Hello everyone, I'm new to the boards. There's alot of knowlege about out trucks being passed around here, more than the dealer knows, thats for sure. I have been experiencing the same 2 problems with my truck for about a year now. Nobody seems to know whats wrong with it.

1.) If it's driven hard or you have to go up a few steep hills, the idle drops to about 300 RPM's then up to 900 over and over. The motor sounds like it is about to explode. Then when you go again, you can put the pedal all the way down and 2,000 RPM is all it will do. This will eventually clear up, about 100 yards down the road.

2.) Occasionally the RPM's also stick at 3000-3500 at WOT. With your foot still on the floor, the RPM's go DOWN! They eventually climb back up but this is terrible.
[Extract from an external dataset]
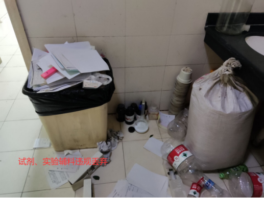 2021年10月21日下午,学院实验中心周燕霞和苏明慧老师对9号楼科研实验室及搬迁现场进行巡查,大部分实验室都在归置、整理各实验室的仪器设备和试剂实验用品等,虽然实验室及楼道现场有些杂乱,但搬迁工作整体在高效、有序进行。在巡查过程中发现也存在一些问题:1.实验室门开着却无人值守,存在防盗和安全隐患。2.虽然一再强调,但仍有部分实验室学生将试剂直接丢弃在卫生间垃圾桶旁。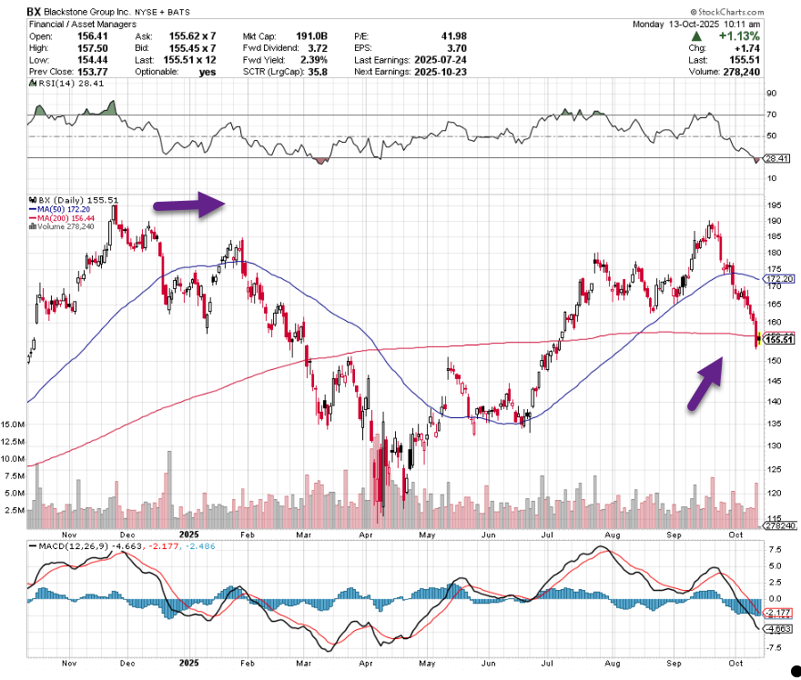 3. Blackstone -10% Year to Date…Failed to Make New Highs…Closed Below 200 Day

My truck has 60,000 miles now. I have replaced:
1. Plugs
2. Wires
3. Both Coils
4. Fuel Filter
5. Cleaned K&N FIPK
6. Cleaned Throttle body
7. Clamped every vacuum hose I could find.
8. Flushed Trans
9. Done 2 Fuel injector treatments in the last 1000 mi.
10. Tightened the connection on the computer

Thanks in advance anyone who takes a shot at this. Any advice is helpful at this point.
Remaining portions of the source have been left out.